* [Exercise goal] Extract the whole listing as it stands. Do not include the pictures.

* [Data section]
§

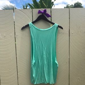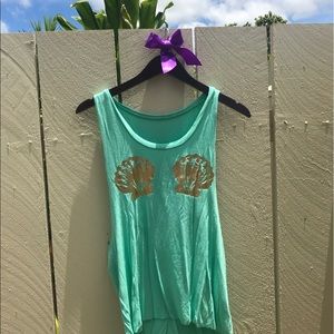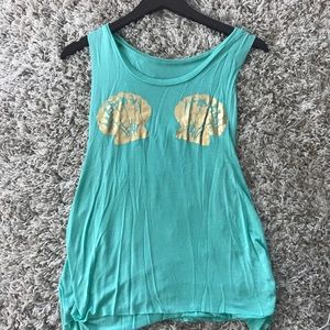 Lightweight teal muscle tank with golden shells along the chest! Lightly used— willing to negotiate price! Best photo for color is one of the last two!
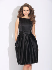 A-Line/Princess Bateau Bowknot Sleeveless Short Satin Dresses
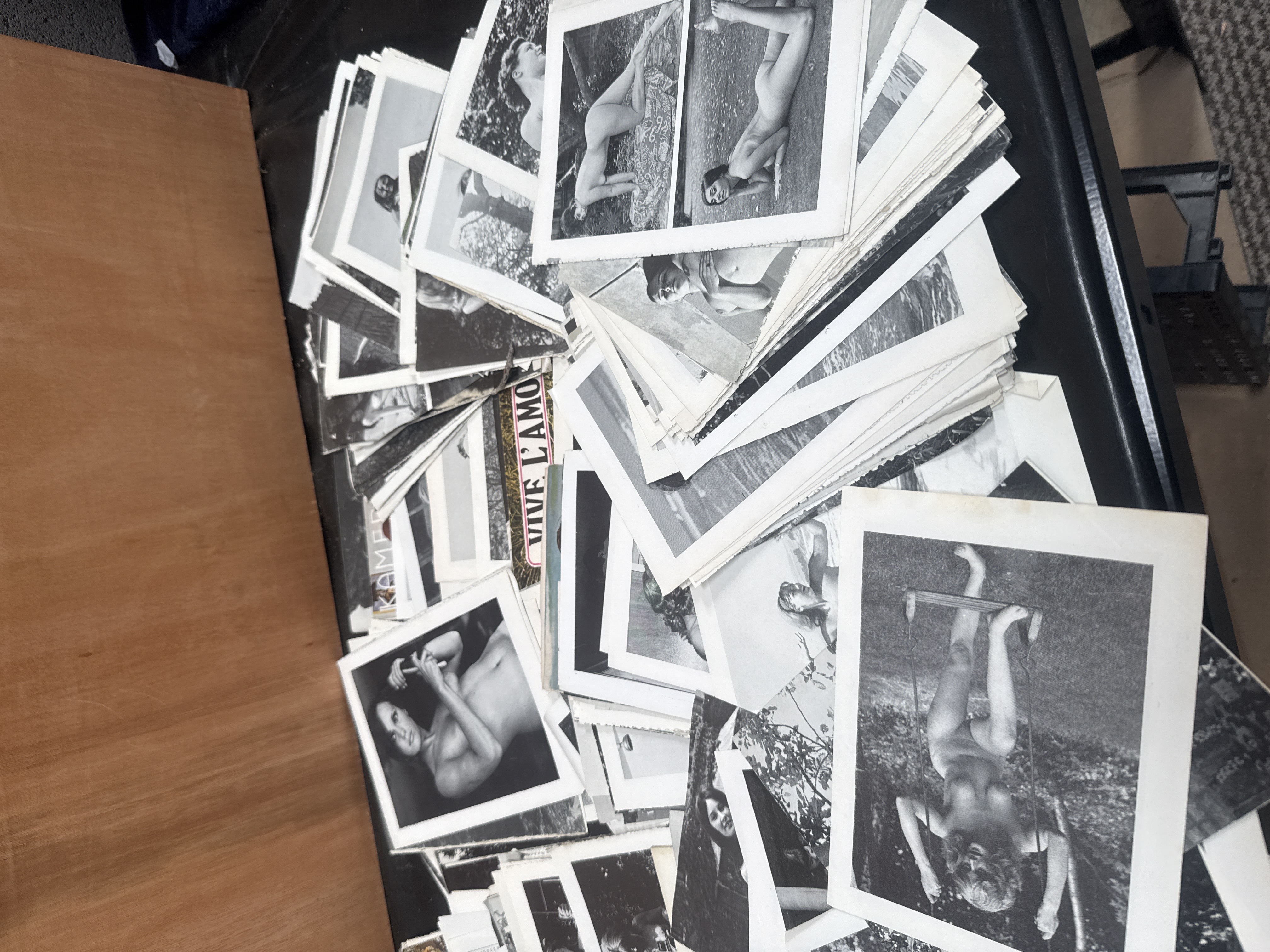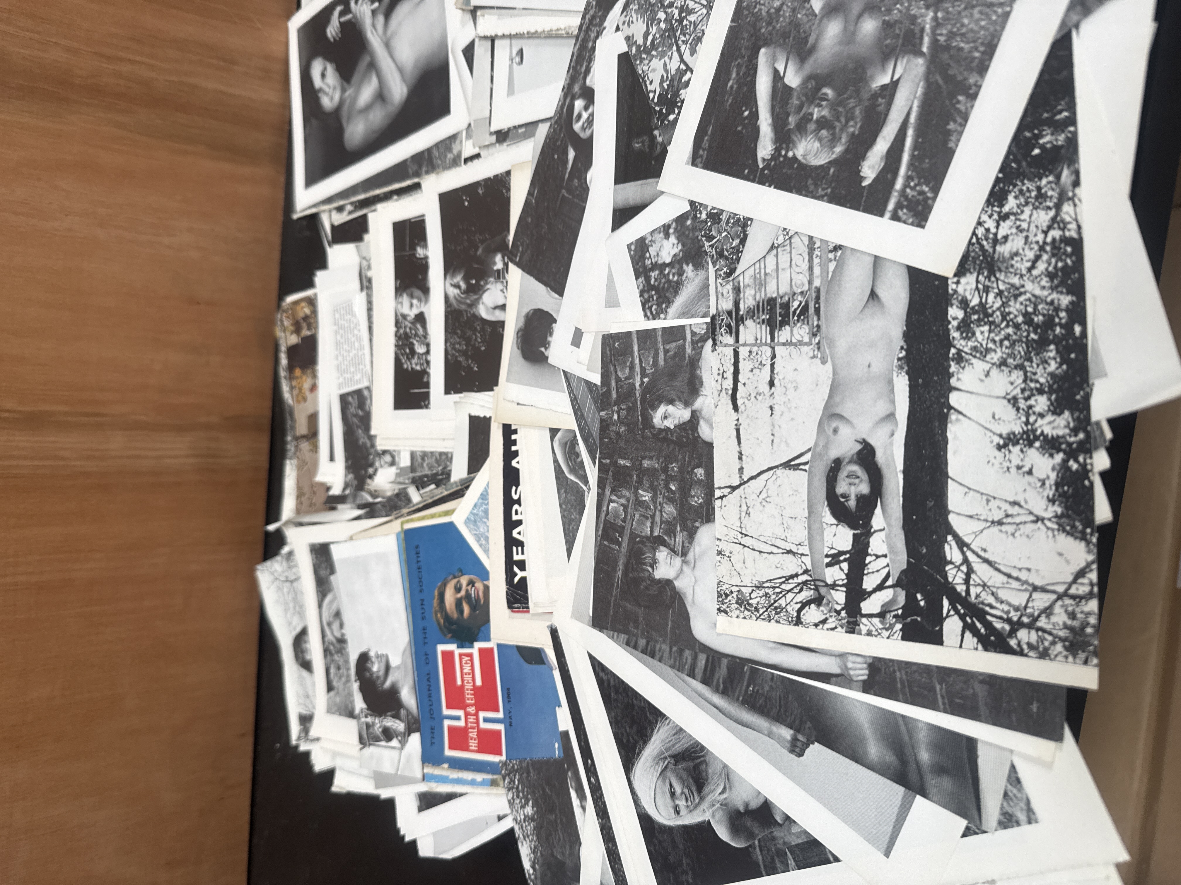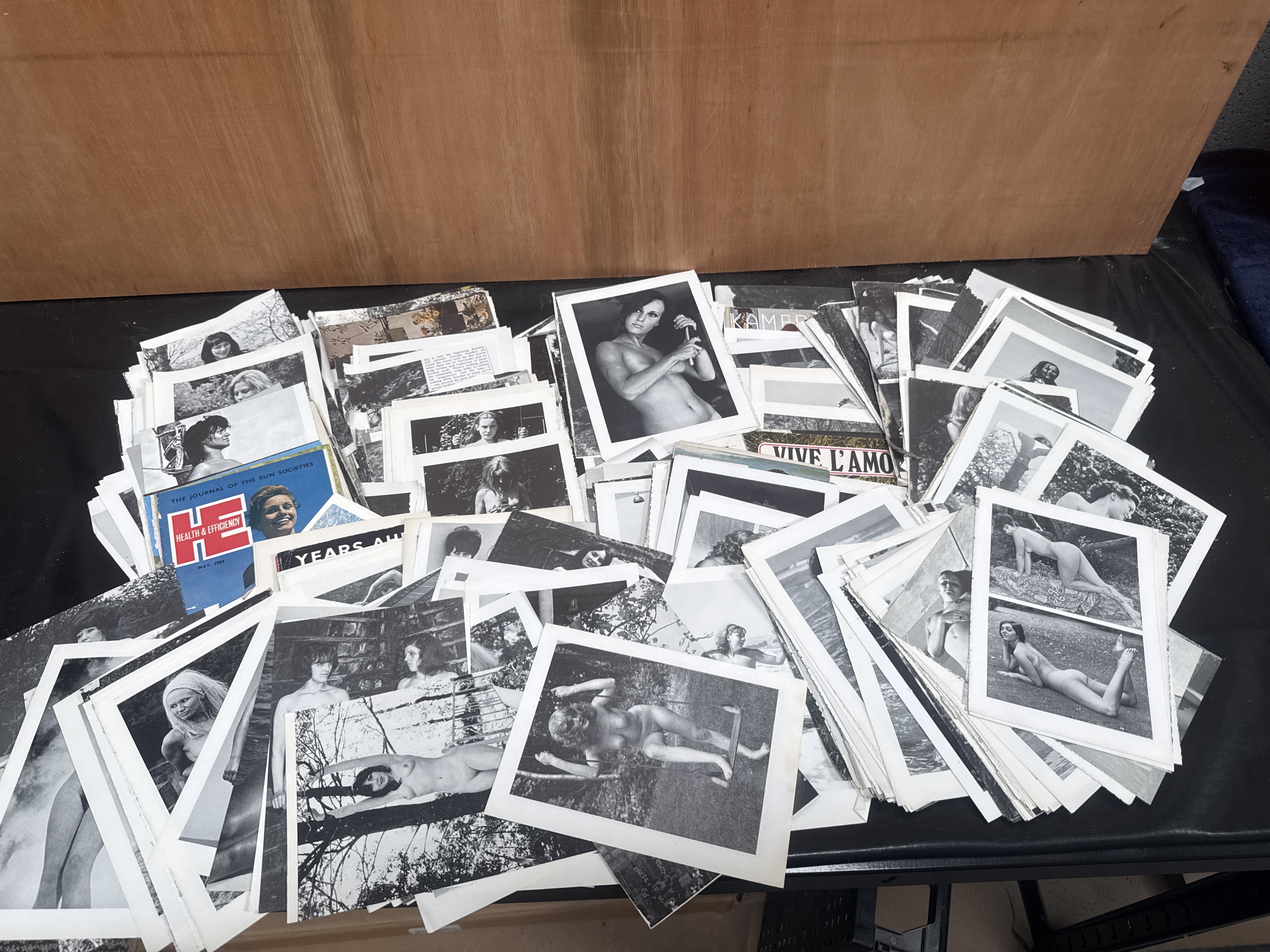 This collection comprises an assortment of vintage mid-20th-century black and white photographs and printed materials primarily focused on naturist and artistic nude photography. The group includes numerous paper prints depicting female figures in various poses and environments, including outdoor scenes and studio settings. Included within the lot is an issue of the magazine Health and Efficiency: The Journal of the Sun Societies dated May 1964. Other visible textual elements include the French phrase Vive L’Amour and portions of other titles. The materials are printed on various paper stocks consistent with mid-century production.
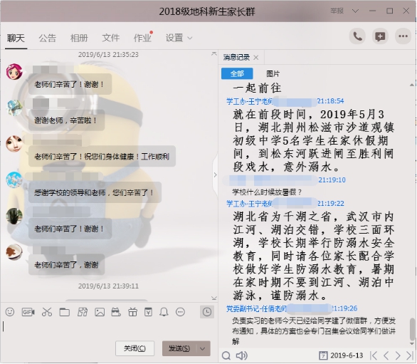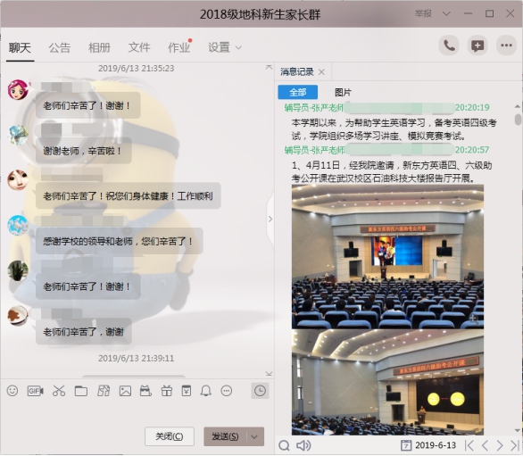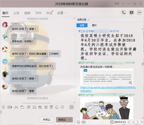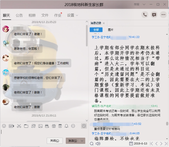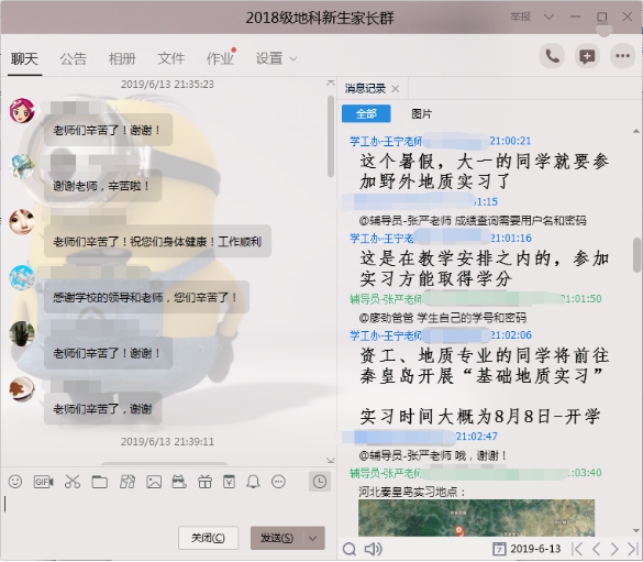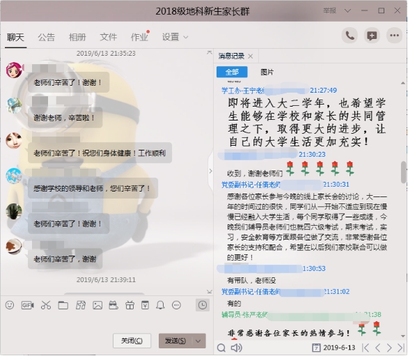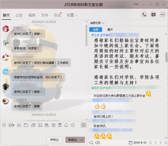 6月13日晚8点,公司在“2018级地科新生家长群”中召开了主题为“诚信应考,平安一夏”2018级本科生第三次线上家长会,公司党委副书记任倩、辅导员潘志远、张严以及员工家长共计140余人参与了讨论,家长会由年级辅导员王宁主持。

§

* [Answer area]
 Lightweight teal muscle tank with golden shells along the chest! Lightly used— willing to negotiate price! Best photo for color is one of the last two!
 A-Line/Princess Bateau Bowknot Sleeveless Short Satin Dresses
 This collection comprises an assortment of vintage mid-20th-century black and white photographs and printed materials primarily focused on naturist and artistic nude photography. The group includes numerous paper prints depicting female figures in various poses and environments, including outdoor scenes and studio settings. Included within the lot is an issue of the magazine Health and Efficiency: The Journal of the Sun Societies dated May 1964. Other visible textual elements include the French phrase Vive L’Amour and portions of other titles. The materials are printed on various paper stocks consistent with mid-century production.
 6月13日晚8点,公司在“2018级地科新生家长群”中召开了主题为“诚信应考,平安一夏”2018级本科生第三次线上家长会,公司党委副书记任倩、辅导员潘志远、张严以及员工家长共计140余人参与了讨论,家长会由年级辅导员王宁主持。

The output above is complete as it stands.